All floral parts are “beardless.” This means that the inner midline of each petal lacks the upright hairs or “beards” characteristic of most European or Asiatic varieties – the species most commonly marketed in plant catalogues.
Finally, the colors of Louisianas eclipse those of all other varieties. The palette ranges from pure white and yellow to blue, lavender and violet, as well as orange, rust and red. Appropriately, in Greek mythology, Iris was the female deity who transported messages between the Earth and the heavens. She was symbolized by the rainbow and referred to as “Goddess of the Rainbow.”
Upping the ante, in 1973, a retired research chemist, the late Joseph K. Mertzewiller, discovered how to give Louisiana Irises an auspicious genetic makeover. He accomplished this by exposing seeds to colchicine, a poisonous alkaloid originally extracted from the roots and seeds of the autumn Crocus or Meadow Saffron plant.
In certain plants, colchicine interferes with basic cell division, resulting in genetic anomalies called tetraploids (simply put, the plants have double the amount of genetic material – think chromosomes and DNA). More than 30 true-breeding tetraploid varieties of Louisiana Irises have been created; all produce flowers that are extraordinary in both form and color, and all are registered and marketed.
Gardeners might presume that these plants, which are native to the topsy-turvy wetlands of the Deep South, would prove finicky to cultivate elsewhere. Not so. The severe conditions of the natural habitat have genetically predisposed Louisianas for an unusually high tolerance to diverse environments. For good measure, individual plants are relatively resistant to pests and diseases. As a result, these hard-knock irises are prized and cultivated successfully in private and public gardens throughout the world. So, although Louisiana loses more wetlands each year than any other state, we natives know that the future of our regal – and natural – fleur-de-lis is secure.
Fleur-de-lis garden care
If aesthetics and patriotism woo you to garden with Louisiana’s technicolor fleur-de-lis, here are some suggestions:
- Plants must be watered methodically, particularly during summer and early fall when the plants are relatively inactive.
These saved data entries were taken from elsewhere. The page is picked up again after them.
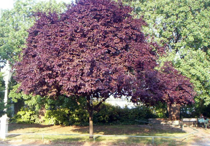 Опис: листопадне дерево малого і середнього розміру, популярне як в саду, так і часто використовується в міських посадках. Висота 5-7 м., діаметр 3-5 м. Швидкість зростання: Швидкоросла. Цвітіння / листя: Квітень-травень. Листки блискучі, еліптичні або довгасті, з відтягнутою верхівкою, гострозубчаті, до 13 см завдовжки; розпускаються рано, інтенсивного темно-пурпурового забарвлення, не вицвітають, нове листя рубінового забарвлення, а восени стає червонувато-фіолетовим. Чашоподібні яскраво-рожеві квіти, поступово червоніють, цвітіння рясне до або разом з розпусканням листя. Плоди: Темно-червоні, круглі, 2-3 см в діаметрі, рясно посипають дерево, їстівні, солодкі і соковиті, і можуть бути використані для отримання консервованих фруктів, дозрівають в серпні-вересні.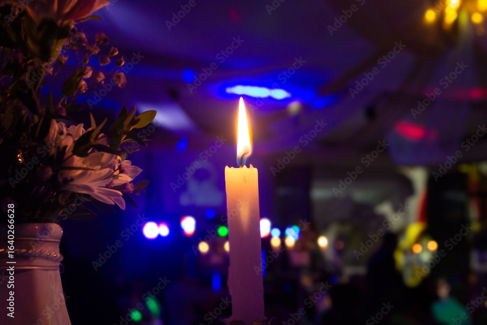 CÁLIDA VELA ALUMBRANDO EN SALÓN AZUL CON LUCES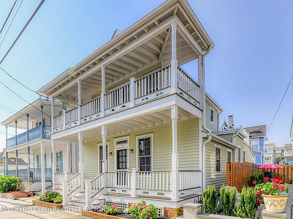 Ocean Grove BEACH home with WOW FACTOR,LOCATION & OCEAN VIEWS! This fabulous home was FULLY RENOVATED 2014!!! This 2nd Beach Block home offers OCEAN VIEWS from 2 fabulous front ROCKING CHAIR PORCHS & also rear PRIVATE NEW fiberglass Balcony and Railings. The attributes of the home: High ceilings 1st,Cathedral 2nd, ANDERSON windows,3 1/2 inch oak plank floors, solid stained white Oak entrance doors, desirable OPEN FLOOR PLAN ,Upscaled Eat In kitchen W/white Cabinetry soft close drawer ,Carrera Marble Counters

- Rhizomes must be heavily mulched all year to avoid scorching by summer sun and freezing during winter.
- Plant in venues that include at least a half-day of sunlight and acidic soils (pH 6.5 or lower).
- In autumn, fertilize heavily with manures, compost and/or acidic commercial preparations.
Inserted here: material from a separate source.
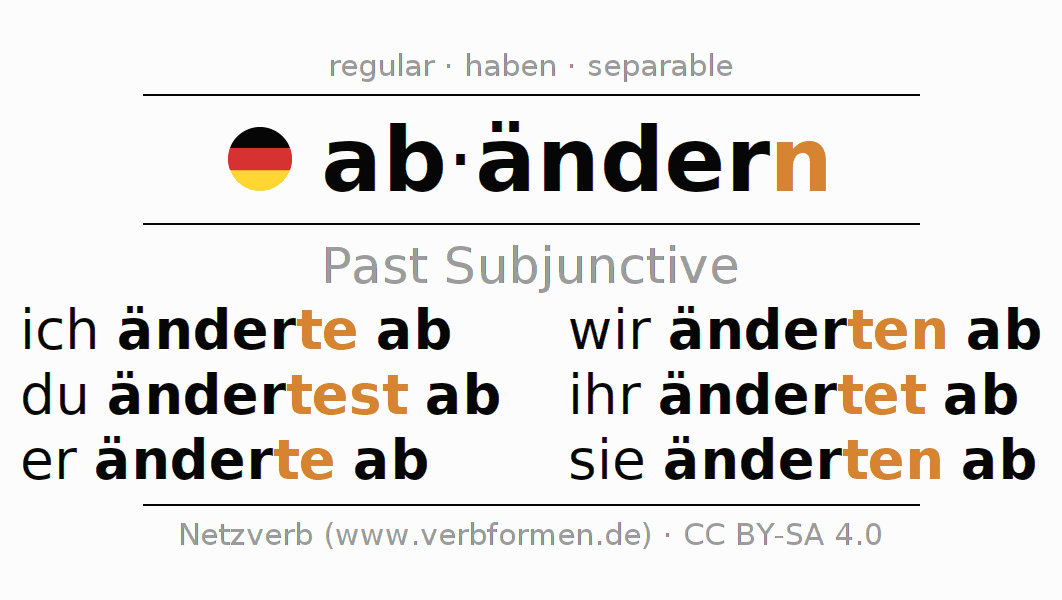 The conjugation of abändern (alter, modify) in subjunctive II is: ich änderte ab, du ändertest ab, er änderte ab, wir änderten ab, ihr ändertet ab, sie änderten ab. As a regular verb the unmodified stem änder is used. The subjunctive endings -te, -test, -te, -ten, -tet, -ten are appended to this stem. The prefix ab- of abändern is separated. The conjugation of these forms conforms to the grammatical rules for verbs in the subjunctive II tense.

Louisiana irises are a natural for water gardens, either in a container or in-ground pool. Follow these simple tips:
- Keep water level no greater than 4 to 8 inches above the rhizomes during the summer.
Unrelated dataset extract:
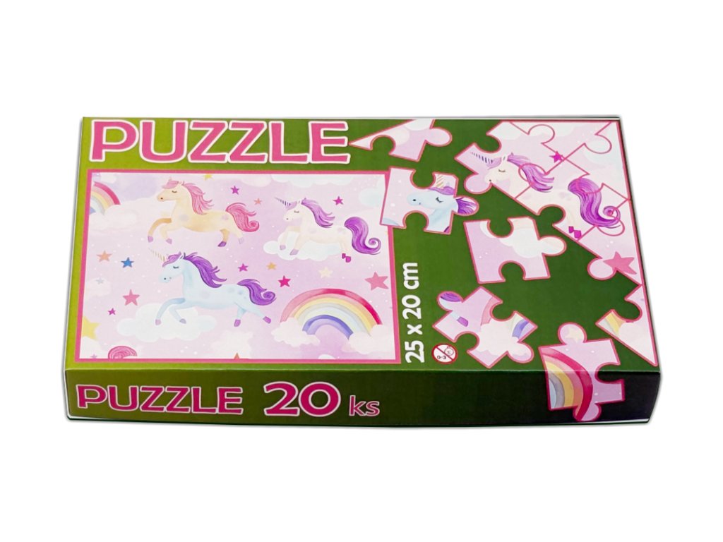 Dětské puzzle Jednorožci a duha na růžové – 20 dílků, 25 x 20 cm

- Drop the water to ground level each fall since rhizomes will rot if submerged for the full year.
Since the irises have a limited blooming period, enhance the water garden with a combination of summer and fall blooming aquatics (waterlilies are perfect). The verdant, upright foliage of the irises then acts as backdrop in a tableau that enables the plants to be enjoyed long past their spring dazzle.
Gary Noel Ross, Ph.D., is a professional butterfly ecologist who often tracks the swamps and marshes of his native Louisiana to research and photograph unusual aspects of nature.